Chapiteau Show. Source: kinopoisk.ru
For the first time in its 33-year history, the Moscow International Film Festival was presided over by a woman – the internationally renowned Géraldine Chaplin. The daughter of Charlie Chaplin, she played “Tonya,” the wife of Doctor Zhivago, in the acclaimed American film in 1965.
Mature actresses definitely stole the show at the festival. The Stanislavsky award for acting excellence went to Helen Mirren. “I am immensely honored,” the half-Russian actress said. “It is impossible really to say how important Stanislavsky is.” Mirren acts in the new movie, “The Debt,” about Mossad agents who question the results of their own mission to kill a Nazi criminal. “Debt” closed the festival earlier this month.
The festival proved a boost for the industry. Russia was represented by two films, including one that took the Special Jury Prize, the festivals’ second-most prestigious honor.
The Spanish Film, “Las Olas” (“The Waves”) was awarded the main prize, The Golden St. George, at the closing ceremony. But the Russian film “Chapiteau Show” also proved the critics darling, and won the jury’s special prize, The Silver St. George.
Chapiteau Show explores the underbelly of human relationships, where reality flirts with the absurd. The film was a festival favorite and during the closing ceremony, Géraldine Chaplin made what appeared to be a sincere offer to work with the director, Sergei Loban.

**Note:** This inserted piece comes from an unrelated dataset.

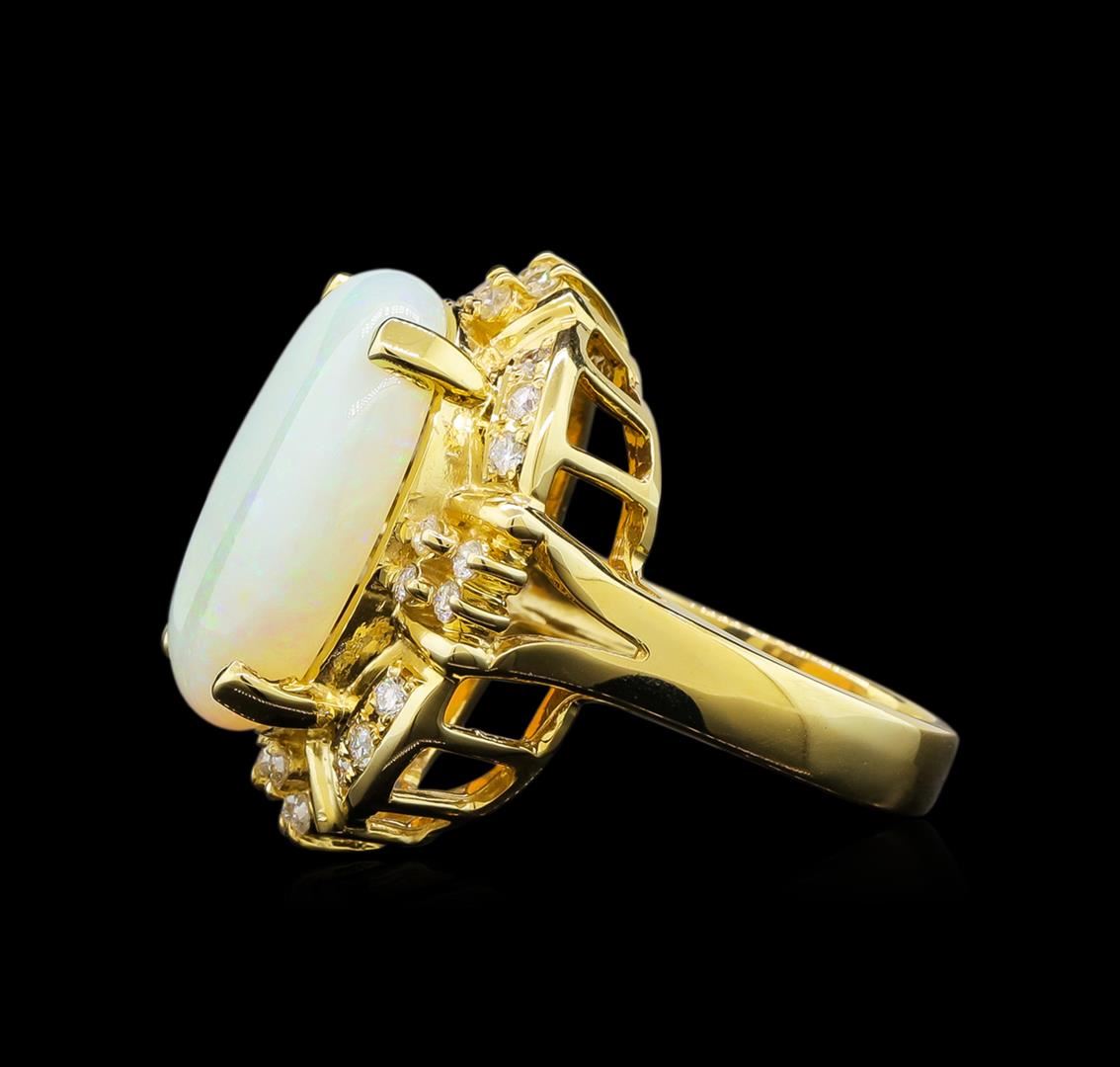 One electronically tested 14KT yellow gold ladies cast opal and diamond ring with a bright polish finish. Identified with markings of "14K". Condition is new. Containing: One white opal that is cut in a oval shape and is prong set, measuring 19.00mm long x 14.00mm wide, and 4.00mm thick and the approximate weight is 4.68 carats. The opal has a somewhat bright, green-blue play of color (fire) in a flashfire pattern; a low dome; a good cut; no inclusions; consistent in its brightness and pattern; and is somewhat directional. Twenty-Eight prong set round brilliant cut diamonds, measuring 1.50 - 1.50 x 0.90mm (depth est.) approximate total weight of 28 Stones = 0.51ct. Clarity: SI-1 to I-1. Color: J - K, Cut is Good. Colored gemstones are presumed to have been subjected to commonly used enhancement processes. All diamonds and colored gemstones are graded in the mounting, unless otherwise stated. Total Weight of Diamonds 0.51ct. Total Weight of Opals 4.68ct. Total Weight of Ring 10.70 grams. GGL Appraised at $3,430.00.

Loban’s Chapiteau show is a guessing-game, a riddle of a film made up of four stories. In the first, called “Love,” a likeable but lonely young woman takes an asocial geek she meets on the Internet to a city on the coast. In the story “Friendship,” a young, deaf man leaves his deaf friends to travel to the sea with a wild group of television personalities. In “Respect,” a father who reappears after an eight-year absence convinces his son to come south to the sea on a journey of personal rediscovery. Finally, in “Collaboration,” a clever producer decides to promote a look-alike of dead Russian rock legend Viktor Tsoi, and parades him like a puppet through empty concert halls in a seaside town.
The stories revolve around characters in unfamiliar terrain. They come to the terrible conclusion that they were deceived and that their exodus is more about humiliation and destruction than rescue. The main characters of each chapter show up in the other three, giving the film a dizzying unity.
The other Russian film in competition, “Heart’s Boomerang,” also created some buzz at the festival. The feature-length film from director Nikolai Khomeriki, who had two films chosen previously by Un Certain Regard (translated as A Certain Glance) at the Cannes Film Festival, also deals with the absurdity of life but in a less fantastic and appealing way. The film’s main character is Kostya, a young train driver’s assistant, who learns he is in perfect health but that his heart may stop at any time. That’s where the intrigue stops. He wanders about in an undefined landscape, a black-and-white mix of Moscow streets and the St. Petersburg metro. We never really know what time it is. The people, the places, the non-events of Kostya’s life have no hierarchy and everything seems futile and accidental. Perhaps Khomeriki wanted to visit the day one looks at mortality as a day like any other, in the emptiness of existence.
The powerful film, “Leaving,” also premiered at the festival. It is the work of Vaclav Havel, the first president of the Czech Republic — and last president of Czechoslovakia. The power of his drama is its intimacy, as it deals with the loss of power.